Has Janet’s boob ruined Oscar night? Maybe the 5-second time delay wasn’t the cause of the dull ceremony and tame acceptance speeches, but rather an emblem of the evening’s lack of the spontaneity I come to love in live television. This was the kind of ceremony the telecast’s producers dream of making - relatively hitch free - and it suffered for it.
Then again, half of the problem was the predictability of the awards themselves. If you’d taken Entertainment Weekly predictions as your guide, you would have missed only three of the twenty-four awards. As deserving as most of the winners were, I think we as an audience were craving a big upset in the Night of the Rings - at least one.

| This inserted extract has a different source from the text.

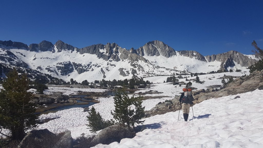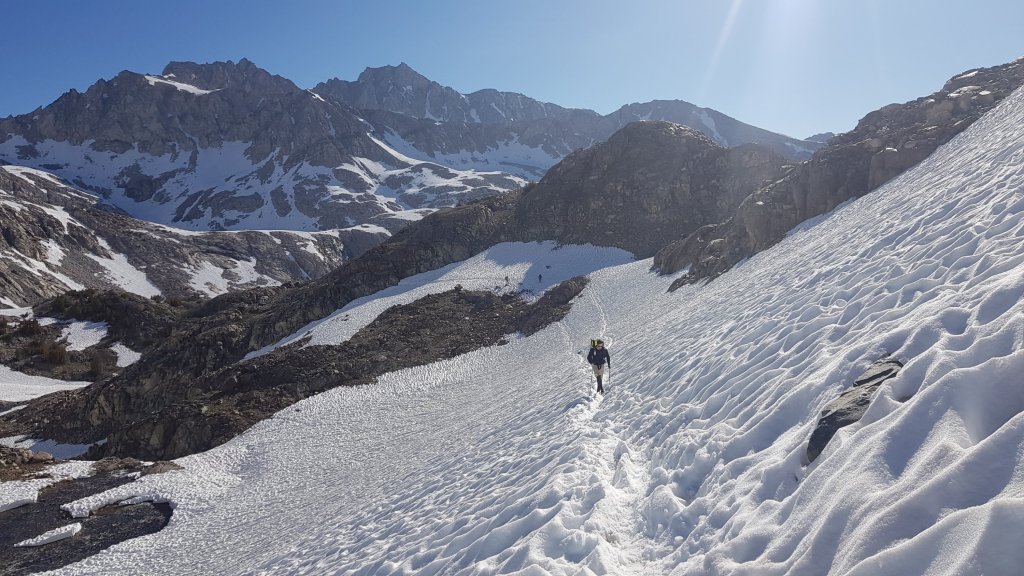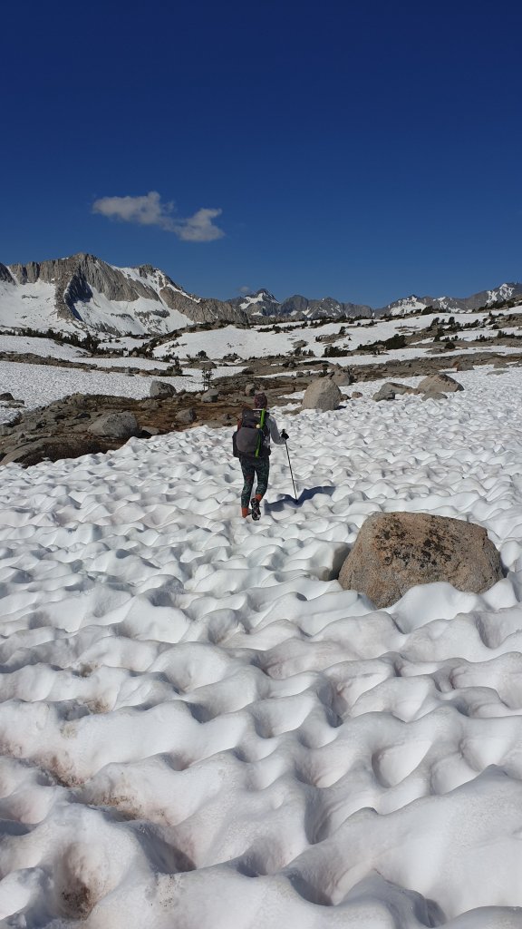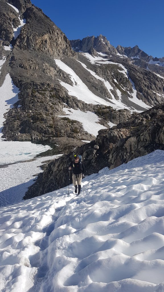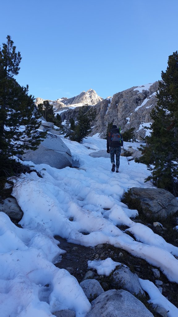We woke up relatively early as we still had over 2 miles of snow hiking before we would reach Bishop Pass again.
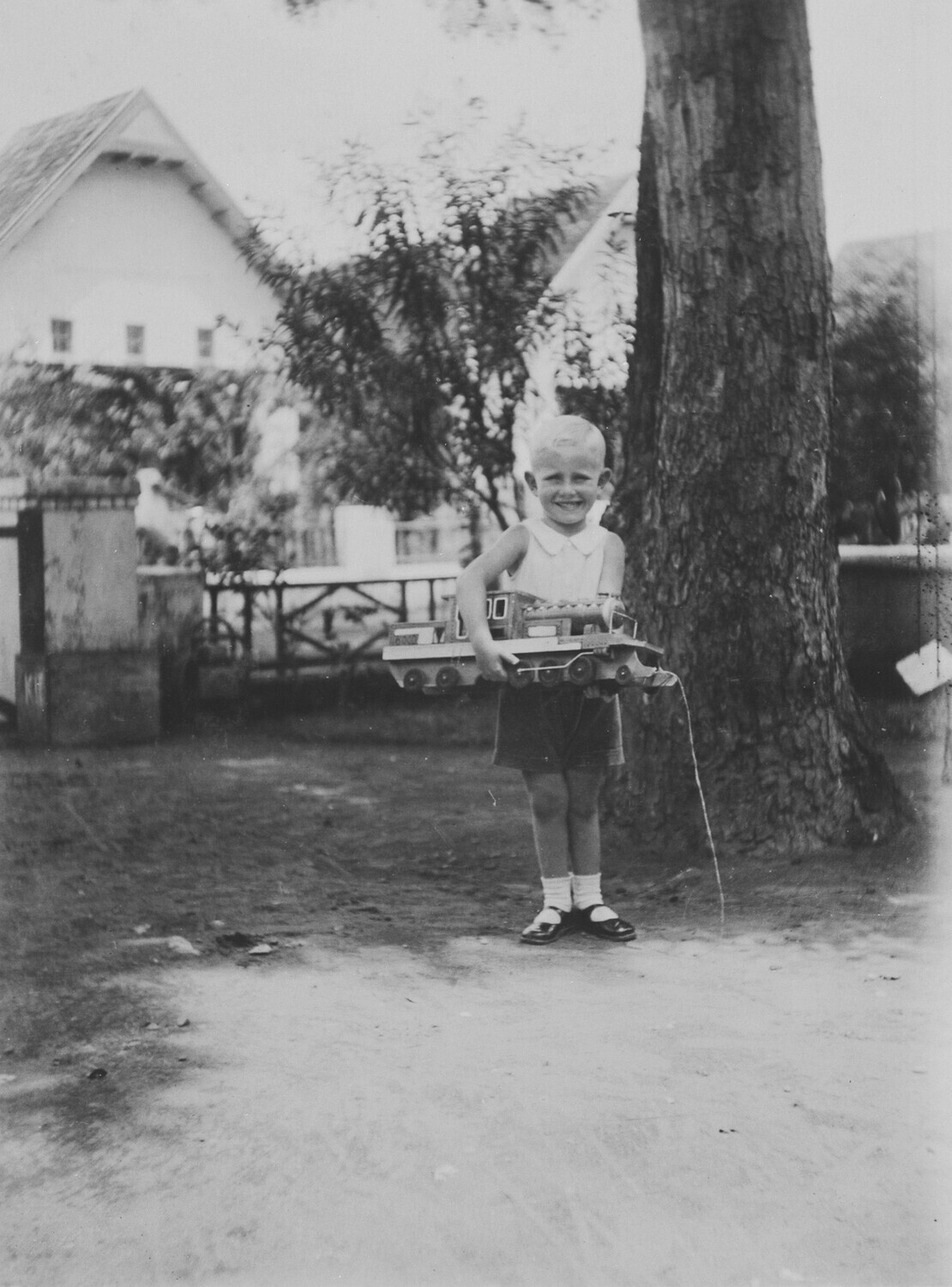 Europese jongen poseert met zijn speelgoedlocomotief...

Still there were some highlights…. Sofia’s win and acceptance speech for Best Screenplay, capping off an evening of dealing gracefully with everyone discussing her only in terms of her father despite having made a brilliant movie…. the A Mighty Wind number taking the piss out of the seriousness of the other nominees… Annie Lennox’s grateful acceptance speech…. Charlize’s BF Stuart Townsend serving as great eye candy…. Errol Morris being his nerdy Cambridge self… The ascot-attired Short Animated Film maker thanking his boyfriend…
And the fashions? No real train-wreck disasters, but no memorable-years-from-now stunners either. Apparently, peroxide bottles were in high demand this year with everyone going blonde, including Julia Robert’s bizarre turn in Carrie Bradshaw drag. The spray-on tan was similarly overused; Charlize Theron looked like an Oompaloompa. I thought Patricia Clarkson looked amazing, as did Jennifer Gardner and Liv Tyler (could have done without the choker, though). Renee Zellweger looked like she was wearing a bridesmaid dress. Diane Keeton might have gotten away with the foppish suit without the oversized bowler hat…. Morningcoats - or even just neckties with tux - were in for the men. Regrettably, this rule-bending extended to a lot of black tie on black shirt action. Despite non-bowtie formalwear and stupid wallet chain, Johnny Depp gets points for scrubbing up for the affair - and looking fabulous for 40. And can’t Peter Jackson afford to tailor a fitted shirt that will button at the neck?
Speaking of red carpet, the contrast between the forced slickness of the ABC preshow and the E! red carpet was as striking as ever. When are they going to learn that we don’t want cornball hosts in scripted gags, we want the dish on who’s there and what they’re wearing. Period. I noticed that Bravo was hosting a Independent Spirit award red carpet show with Queer Eye’s Carson Kressley. Whatever fool producer hasn’t realized that the man needs to be hosting the real deal is missing a great opportunity. Joan Rivers’ daughter Melissa is no match.